→ TASK TO CARRY OUT
Restate the listing below line for line and word for word, without the pictures.

*** Opening of MATERIAL PROVIDED ***

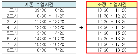 1) 수업시간: 주간수업 1교시 시작시간 조정, 09:30 ➜ 10:30
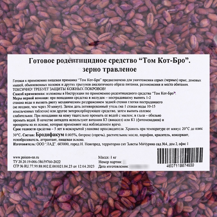 С помощью зерновой приманки вы сможете быстро и эффективно устранить проблему с грызунами, создавая безопасные условия для проживания и работы. «ТОМ КОТ БРО» — ваш надежный выбор в борьбе с крысами и мышами.
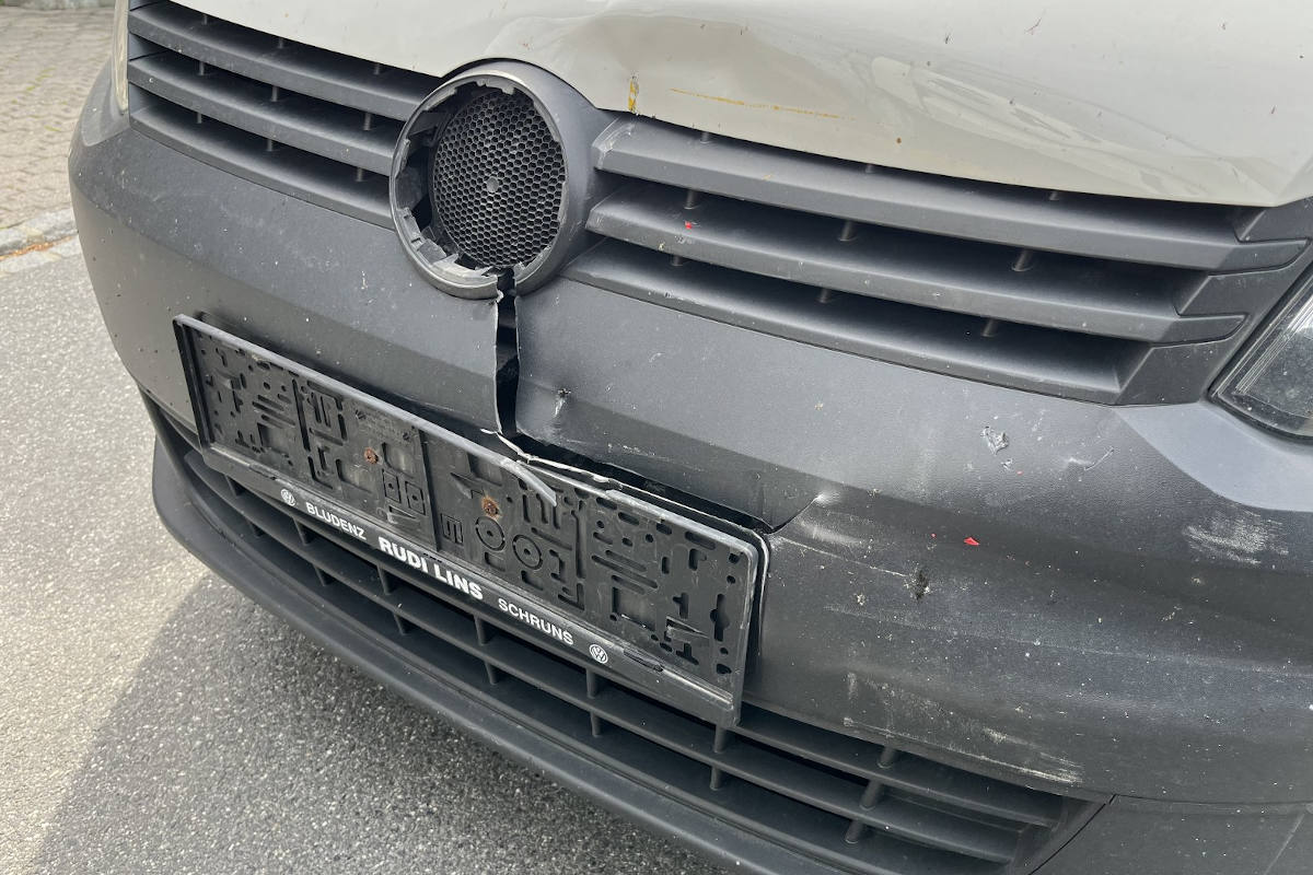 Schaden am stehenden Personenwagen nach dem Unfall in Schaan (Bildquelle: Landespolizei Liechtenstein)
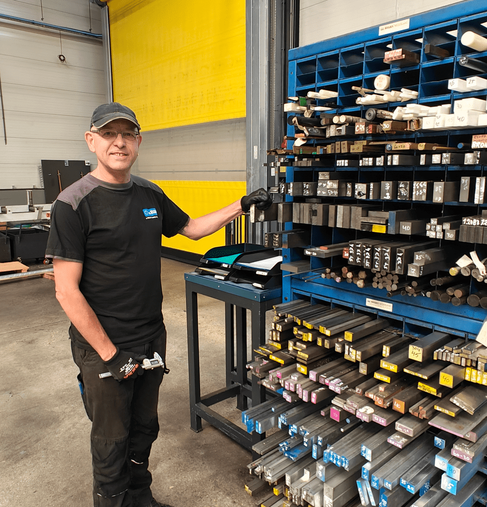 “Ik hou van orde, netheid en structuur en ook van het optimaliseren van processen. Bij De Ploeg was ik daar naar ieders tevredenheid ook veel mee bezig. Hier bij v.d. Elsen (WILVO Precision) zie ik ook dat mijn aanpak gewaardeerd wordt.” Voorbeeld? “Nou, ik kan niet zonder mijn witte stift. Die gebruik ik voor de benaming van het artikel op de kopse zijde. Zo zie je in één oogopslag welke materialen er in het rek liggen. Het is maar een detail, maar het zorgt wel voor overzicht. Logischerwijs controleer ik al het materiaal bij binnenkomst op de gewenste specificaties, match ik materiaal en werkorder en zorg ik voor een goede sortering. Recent is de zagerij verhuisd en ben ik nog volop bezig met de meest optimale en efficiënte inrichting. Noem het ‘de basis op orde brengen’, om het werk uiteindelijk makkelijker te maken en foutmarges te minimaliseren.”

*** Close of MATERIAL PROVIDED ***

→ SOLUTION BELOW
 1) 수업시간: 주간수업 1교시 시작시간 조정, 09:30 ➜ 10:30
 С помощью зерновой приманки вы сможете быстро и эффективно устранить проблему с грызунами, создавая безопасные условия для проживания и работы. «ТОМ КОТ БРО» — ваш надежный выбор в борьбе с крысами и мышами.
 Schaden am stehenden Personenwagen nach dem Unfall in Schaan (Bildquelle: Landespolizei Liechtenstein)
 “Ik hou van orde, netheid en structuur en ook van het optimaliseren van processen. Bij De Ploeg was ik daar naar ieders tevredenheid ook veel mee bezig. Hier bij v.d. Elsen (WILVO Precision) zie ik ook dat mijn aanpak gewaardeerd wordt.” Voorbeeld? “Nou, ik kan niet zonder mijn witte stift. Die gebruik ik voor de benaming van het artikel op de kopse zijde. Zo zie je in één oogopslag welke materialen er in het rek liggen. Het is maar een detail, maar het zorgt wel voor overzicht. Logischerwijs controleer ik al het materiaal bij binnenkomst op de gewenste specificaties, match ik materiaal en werkorder en zorg ik voor een goede sortering. Recent is de zagerij verhuisd en ben ik nog volop bezig met de meest optimale en efficiënte inrichting. Noem het ‘de basis op orde brengen’, om het werk uiteindelijk makkelijker te maken en foutmarges te minimaliseren.”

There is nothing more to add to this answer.